Methods: This study describes tobacco use in patients with relapsing-remitting MS and associated symptoms and symptom co-occurrences. In this cross-sectional study, 101 participants with an average age of 43 years completed a survey adapted from the Behavioral Risk Factor Surveillance System and the revised MS-Related Symptom Checklist. Data reduction was performed using factor analysis on the 43 items of the checklist, and linear regression was used to detect associations between symptom clusters (factors) and smoking.
Results: Using the factor analysis result, the linear regression analysis found that tobacco use is positively associated with co-occurring symptoms and symptoms of factor 1: Mental/Emotional (anxiety, loneliness, depression, and difficulty sleeping) and factor 4: Neuro/Autonomic (urinary).
Conclusions: Smoking is associated with patterns of symptoms. The study of MS and tobacco use over time will allow determination of the temporal pattern of tobacco use and MS symptoms.

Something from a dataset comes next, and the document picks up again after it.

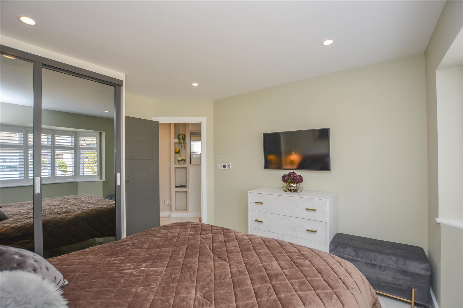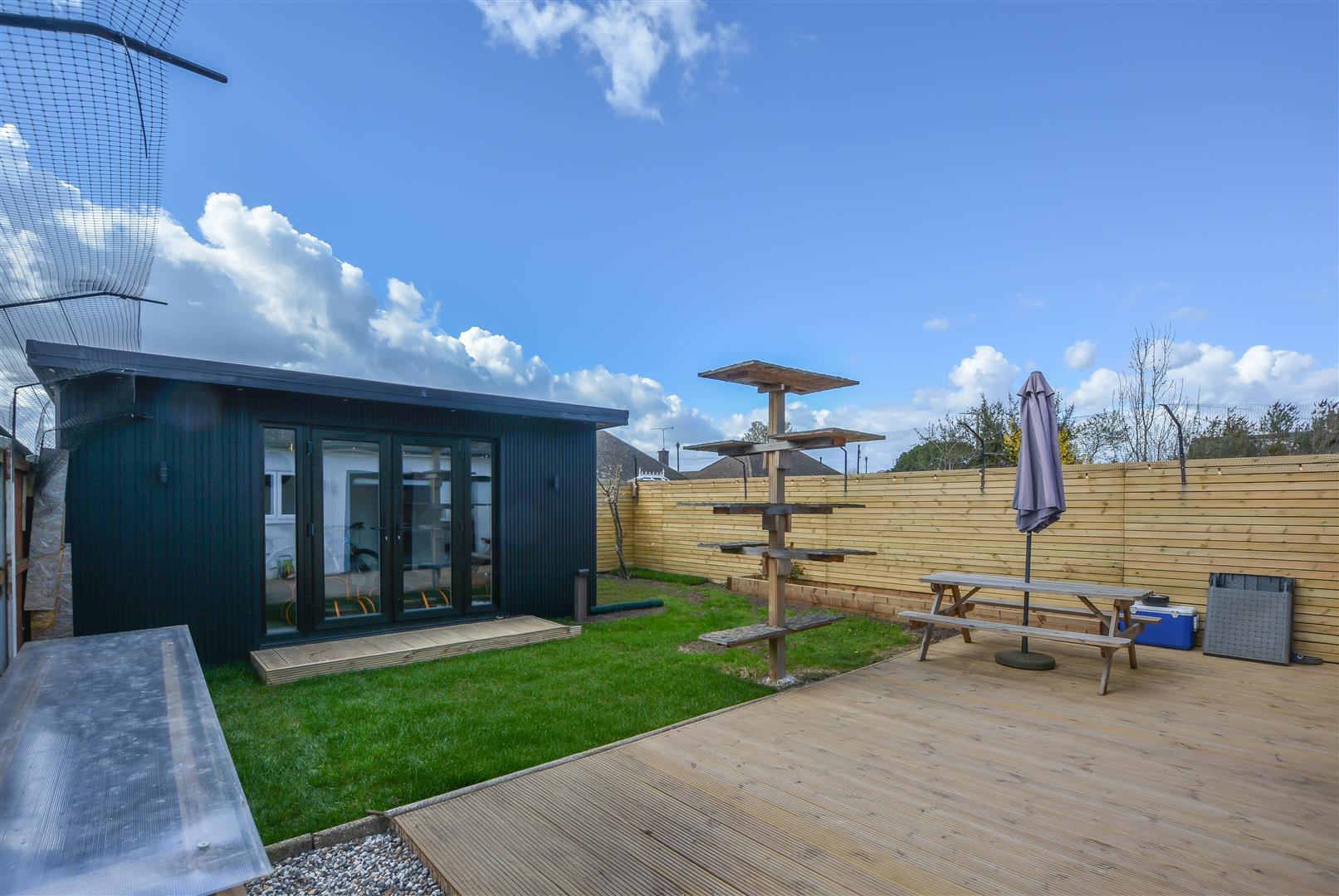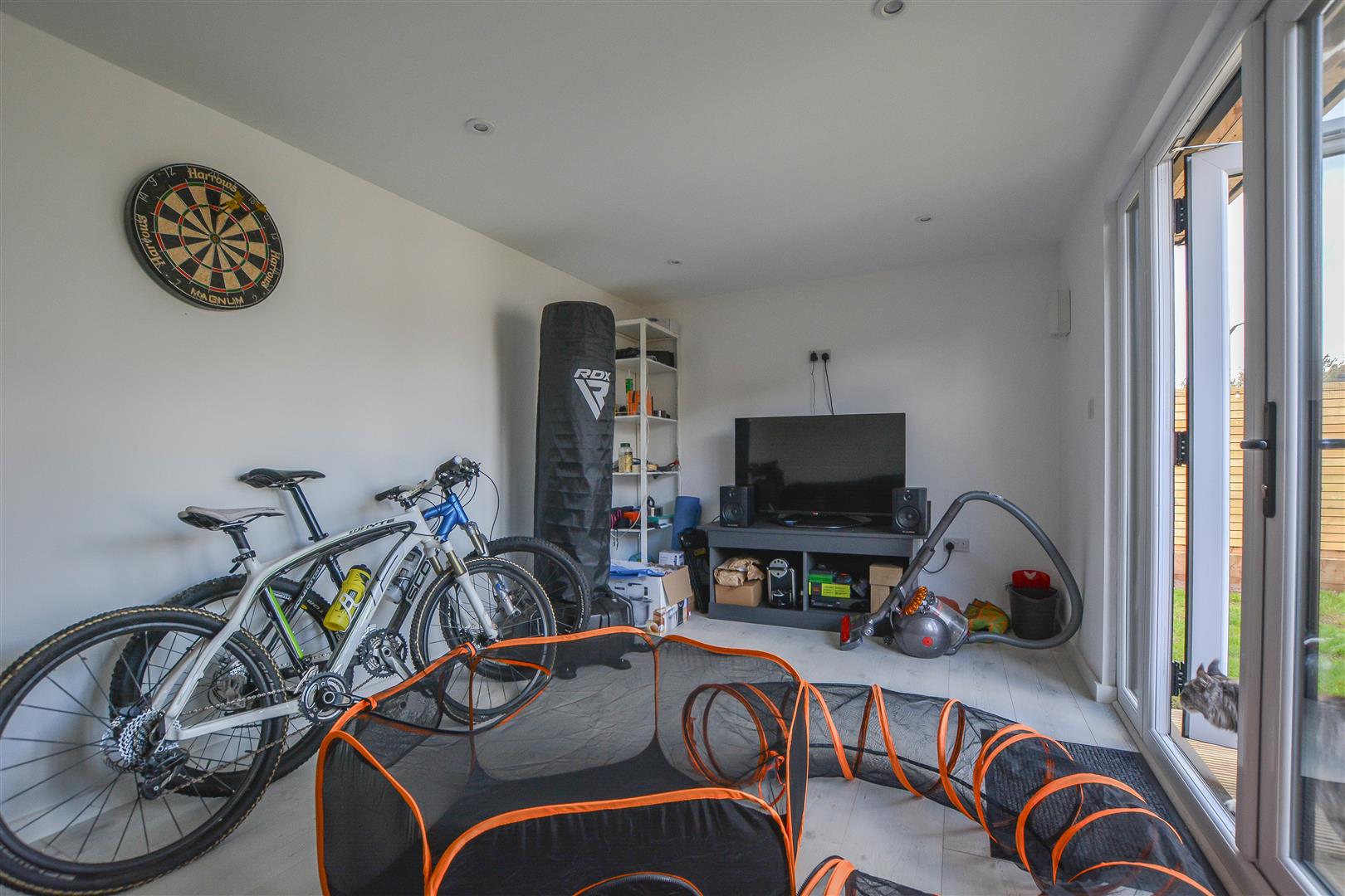 Externally, the rear garden features an attractive decked seating area, leading onto a neatly maintained lawn. A spacious, purpose-built outbuilding with French doors offers a versatile space, perfect for use as a home office, gym, or studio. To the front, a block-paved driveway provides off-street parking.

Multiple sclerosis (MS), an autoimmune, neurodegenerative disease, afflicts more than 1 per 1000 people in the United States.1 2 MS damages the myelin sheath and axons, resulting in impaired transmission of action potentials.3 Relapsing-remitting MS (RRMS) is characterized by relapses or exacerbations followed by complete or incomplete remissions. Most patients with RRMS will eventually enter a progressive phase known as secondary progressive MS. Approximately 20% of patients with MS have primary progressive MS, a type of MS in which the symptoms continuously worsen from the time of onset without relapses. The disease is associated with chronic, debilitating signs and symptoms that often adversely affect the individual's most productive years and everyday life.3–5 Despite experiencing multiple symptoms, many patients with MS engage in unhealthy behaviors, such as smoking, at rates similar to those of the general population.6
Associations among smoking, the risk of developing MS, and disease progression have been reported.7–9 In a large Norwegian general population sample of more than 22,000 people, the risk of developing MS was significantly higher in those who had ever smoked versus those who had never smoked.7 Smoking also contributes to increased fracture risk and increased disease activity. Finally, smoking in those with MS is associated with delay in diagnosis, increased progression,9 and lower quality of life.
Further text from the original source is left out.